6) You wrote "I doubt covering indexes is going to make that query 23x faster."
I decided to check out how mssql performs if it cannot use a covering index.  In order to do that, I drop my current index and create it again on id, dtstamp.  That forces mssql to look into the data file and the index is no longer sufficient.
Running the following statement force the "rating" columns to be accessed:
select sum(rating)
FROM test
               WHERE id in (58,83,88,98,124,141,170,195,202,252,265,293,305,331,348)
               AND dtstamp >= '2011-10-19 08:00:00' AND dtstamp <= '2011-10-19 16:00:00'
a) 1st run = 20 seconds
b) 2nd run = 0.6
c) 3rd, ... run = 0.3 seconds
As you can see the response time gets just as bad as in Postgres.
Now lets recreate the mssql index with all the columns and double check the response time:
a) 1st run = 2 seconds
b) 2nd run = 0.12
c) 3rd, ... run = 0.3 seconds


Therefore, I must conclude that in the case of mssql the "covering" index is making a huge impact.
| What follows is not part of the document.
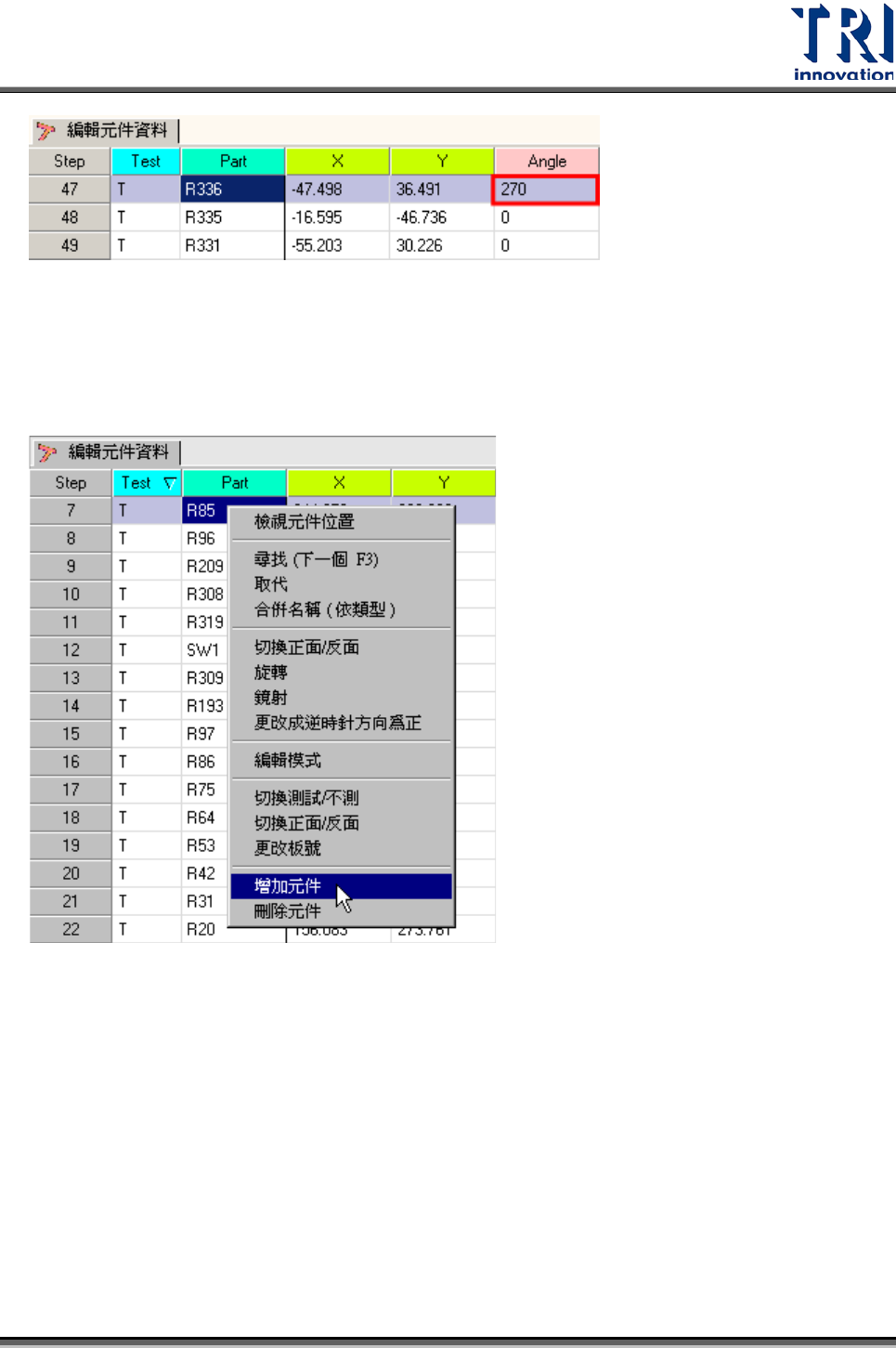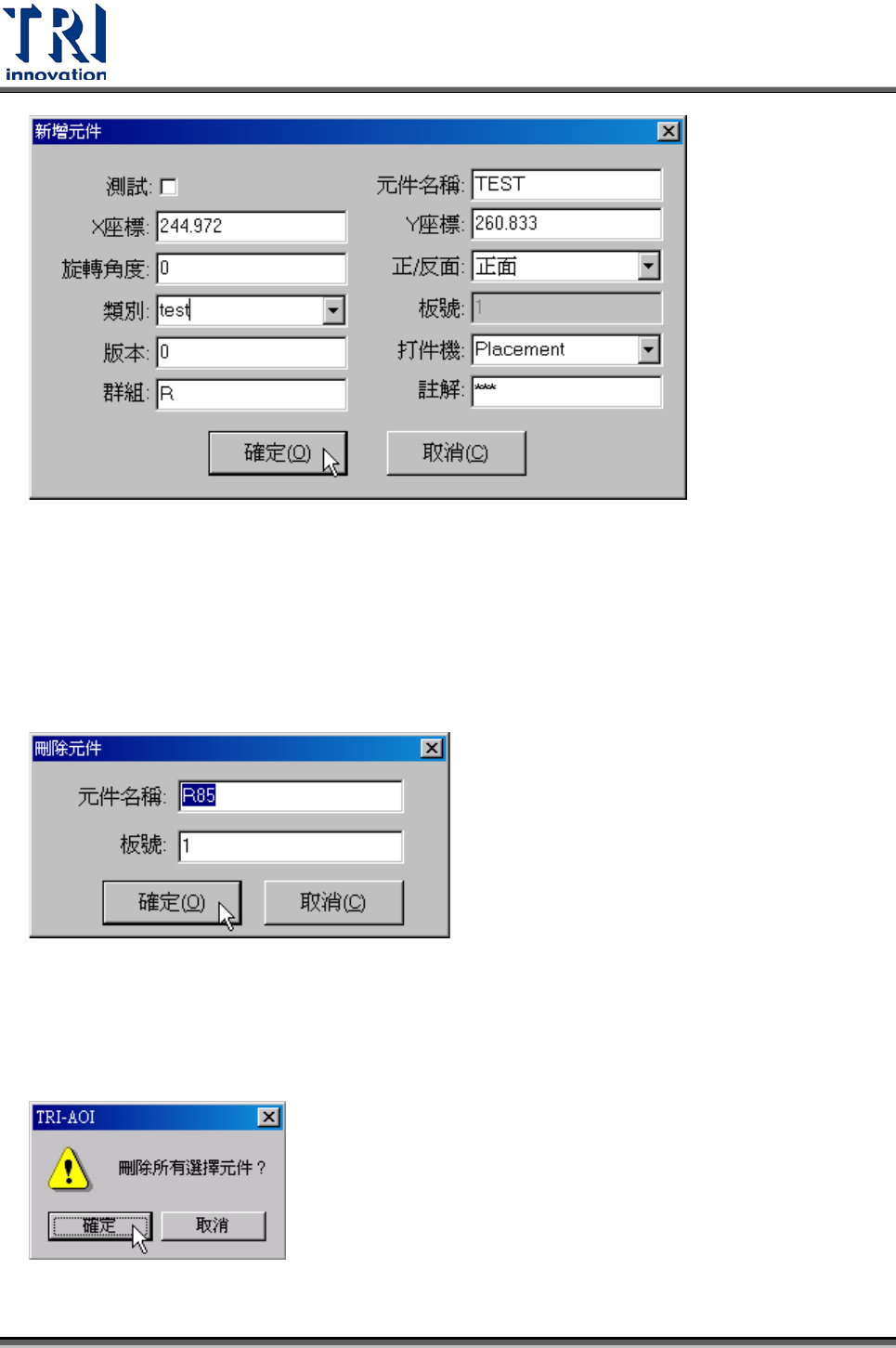 Test Research Inc. 310 TR 7700 S II DL Us er Gui de – Software 4.2.15 增加元件 可使用此功能增加新元件資料至本片電路板上。 選擇上述 [ 增加元件 ] 功能後,會出現以下 [ 新增元件 ] 視窗,將視窗內的資料填妥後按下 [ 確定 ] ,即可新增一個元件。

I have spent the whole day providing this data (takes a while to shuffle 200M rows) and tomorrow I will try your suggestion regarding two indexes.
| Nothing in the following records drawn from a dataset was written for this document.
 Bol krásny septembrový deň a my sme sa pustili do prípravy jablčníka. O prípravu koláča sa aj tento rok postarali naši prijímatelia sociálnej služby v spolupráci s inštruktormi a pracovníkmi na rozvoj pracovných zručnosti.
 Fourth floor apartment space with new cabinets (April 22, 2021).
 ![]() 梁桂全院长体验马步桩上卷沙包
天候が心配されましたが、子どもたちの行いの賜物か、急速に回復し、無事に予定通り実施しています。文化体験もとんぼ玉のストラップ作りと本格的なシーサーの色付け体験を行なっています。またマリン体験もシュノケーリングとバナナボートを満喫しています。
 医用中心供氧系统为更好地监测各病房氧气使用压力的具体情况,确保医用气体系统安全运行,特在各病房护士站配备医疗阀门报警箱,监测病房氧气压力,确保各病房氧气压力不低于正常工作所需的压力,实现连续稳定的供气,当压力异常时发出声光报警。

Do you think I should try using the latest build of the source for 9.2 since index-only-scan is "ready" according to http://www.depesz.com/index.php/2011/10/08/waiting-for-9-2-index-only-scans/
?


Thanks,
   - Gummi



On Wed, Feb 1, 2012 at 7:35 PM, Merlin Moncure <mmoncure@gmail.com> wrote:
On Wed, Feb 1, 2012 at 12:50 PM, Gudmundur Johannesson
<gudmundur.johannesson@gmail.com> wrote:
> Here are the answers to your questions:
> 1) I change the select statement so I am refering to 1 day at a time.  In
> that case the response time is similar.  Basically, the data is not in cache
> when I do that and the response time is about 23 seconds.
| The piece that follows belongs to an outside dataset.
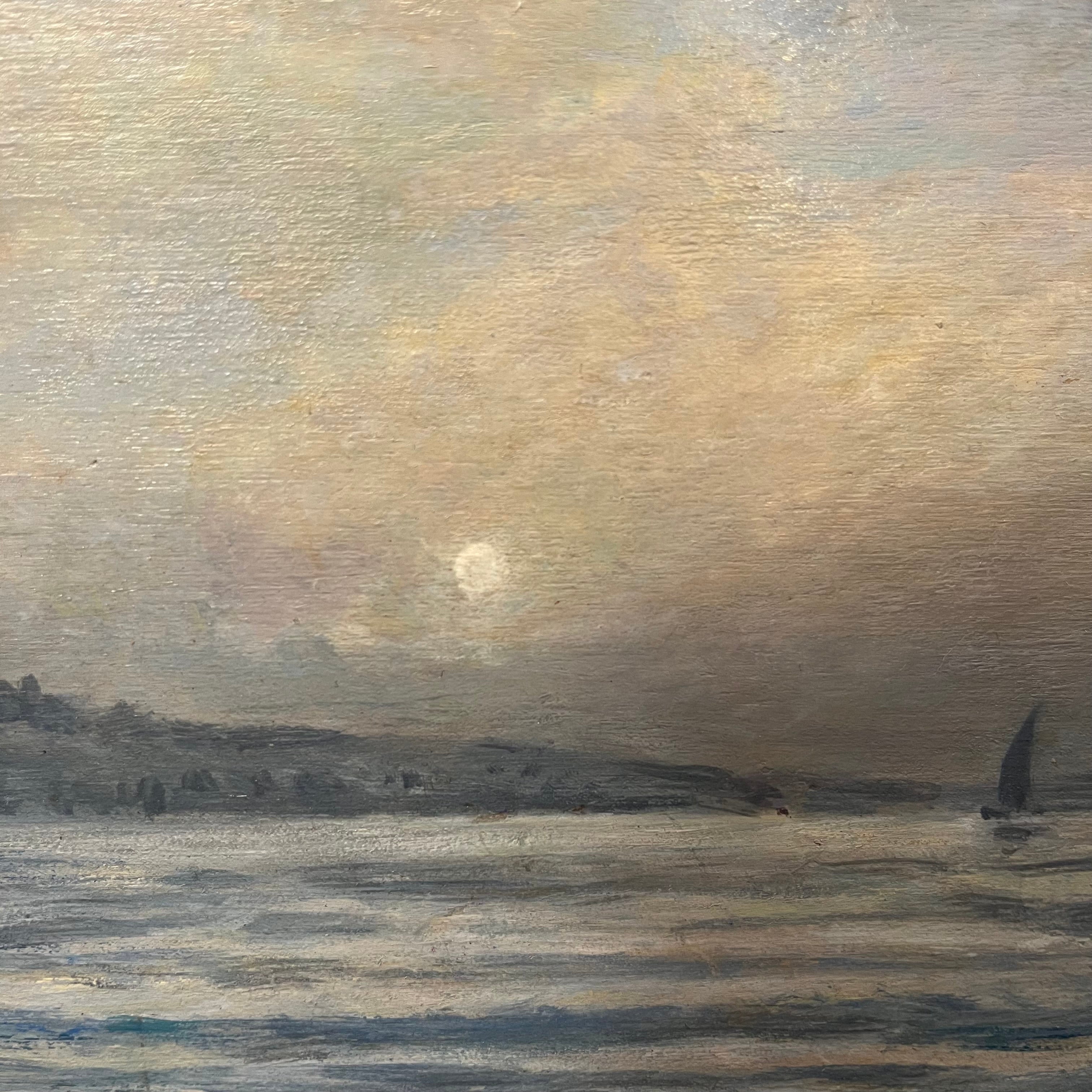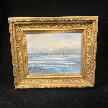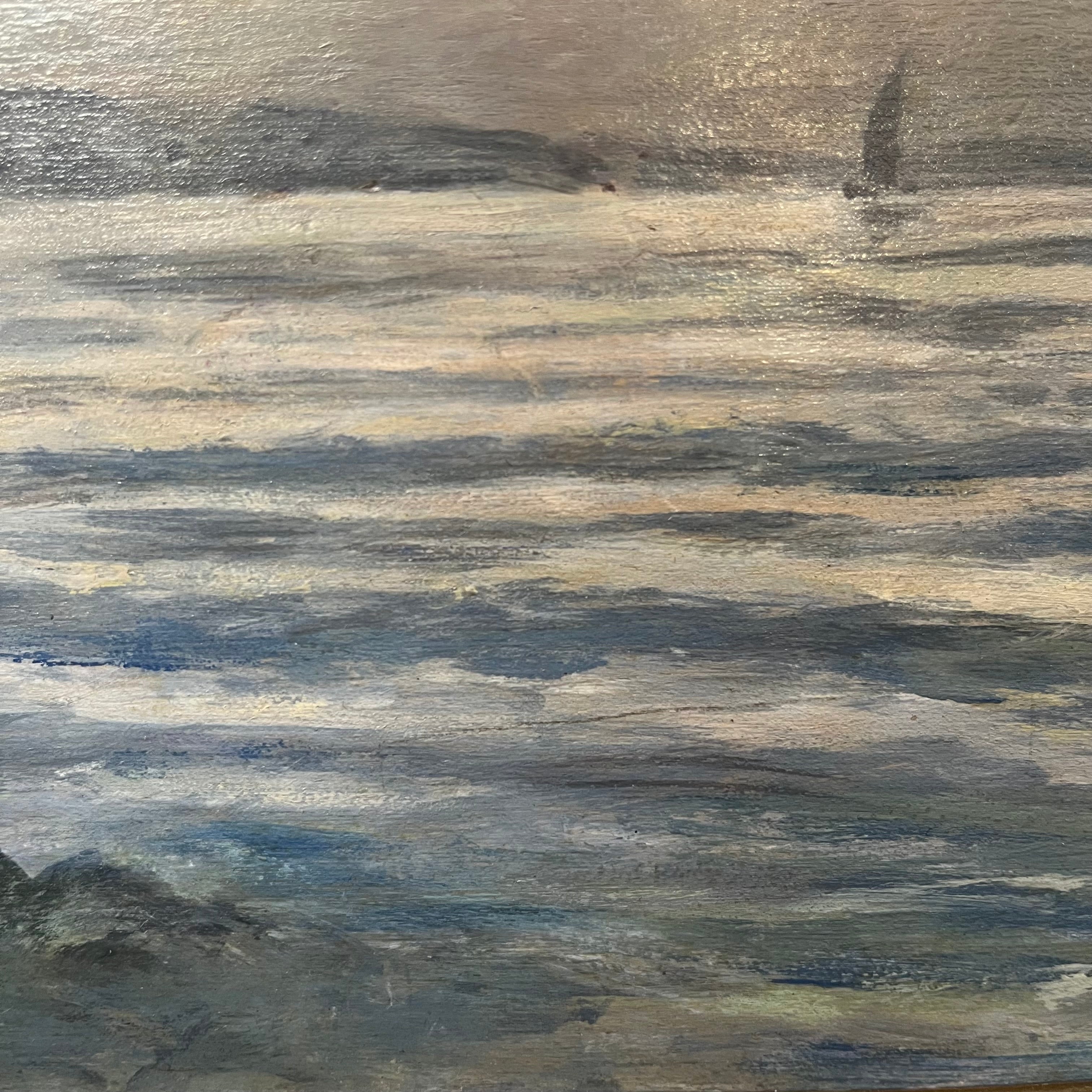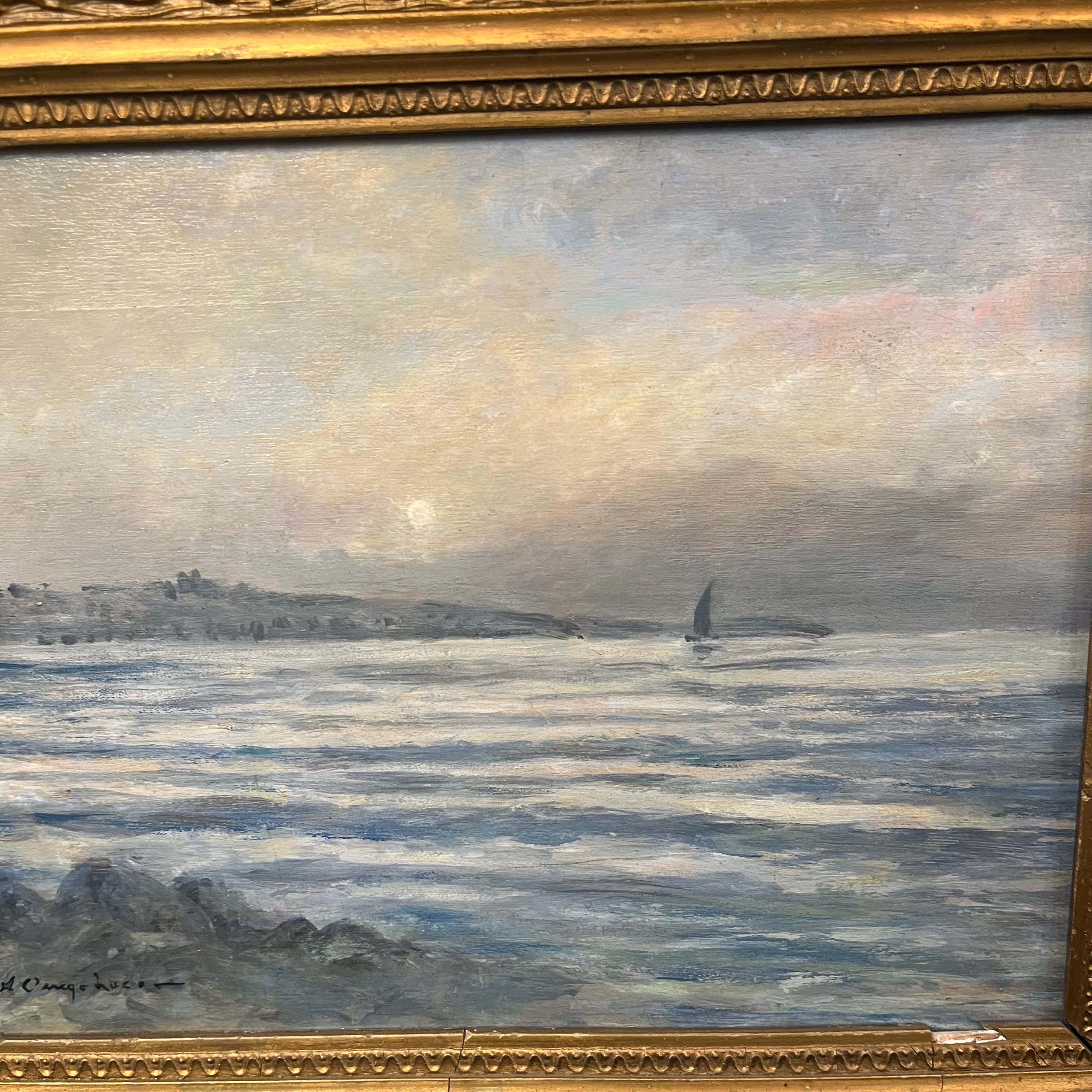 Óleo sobre madera del reconocido pintor chileno Alberto Orrego Luco (1854-1933), representando un paisaje de costa en el que el horizonte toma protagonismo. A lo lejos se ve un velero, el sol detrás de algunas nubes y el viento moviendo las olas. Se trata de un cuadro que deja ver la maestría del artista para retratar paisajes, su especialidad, incluso en pequeños formatos como este. El cuadro tiene un marco de madera tallada en relieves y terminada de elegante dorado.

what's the difference between the first and the second run time?
Note, if you are only interested in the date the dtStamp falls on, you
can exploit that in the index to knock 4 bytes off your index entry:

CREATE INDEX test_all
 ON test
 USING btree
 (id , (dtstamp::date) , rating);

and then use a similar expression to query it back out.

> 3) The query takes 23 sec vs 1 sec or lower in mssql.

I asked you to time a different query.  Look again (and I'd like to
see cached and uncached times).

> We never update/delete and therefore the data is alway correct in the index
> (never dirty).  Therefore, Postgres could have used the data in it.
>
> I started to add columns into indexes in Oracle for approx 15 years ago and
> it was a brilliant discovery.  This looks like a show stopper for me but I

I doubt covering indexes is going to make that query 23x faster.
However, I bet we can get something worked out.

merlin

Re: Index with all necessary columns - Postgres vs MSSQL

From
Gudmundur Johannesson
Date:
May be I should first try to partition the table by date and see if that helps.

Thanks,
   - Gummi

On Thu, Feb 2, 2012 at 8:30 PM, Merlin Moncure <mmoncure@gmail.com> wrote:
On Thu, Feb 2, 2012 at 10:41 AM, Gudmundur Johannesson
<gudmundur.johannesson@gmail.com> wrote:
> Do you think I should try using the latest build of the source for 9.2 since
> index-only-scan is "ready" according to
> http://www.depesz.com/index.php/2011/10/08/waiting-for-9-2-index-only-scans/
> ?

hm, interesting.

You are simply welcome to try that and we would definitely like to see
your results.   I looked around and didn't see any binaries for the
development snapshots for windows to test.  That means you have to
compile postgres in order to test 9.2 at this point in time.  Testing
and feedback of index only scan feature would be very much
appreciated.

Generally speaking, postgresql source tree is very high quality --
stuff should mostly work.  The biggest annoyance is that you get lots
of catalog version bumps when pulling new versions of the sources
forcing a dump/reload.

merlin

Re: Index with all necessary columns - Postgres vs MSSQL

From
"Igor Neyman"
Date:
From: Gudmundur Johannesson [mailto:gudmundur.johannesson@gmail.com]
Sent: Thursday, February 02, 2012 11:42 AM
To: Merlin Moncure
Cc: pgsql-performance@postgresql.org
Subject: Re: Index with all necessary columns - Postgres vs MSSQL

Hi,

I want to start by thanking you guys for a quick response and I will try to provide all the information you request. 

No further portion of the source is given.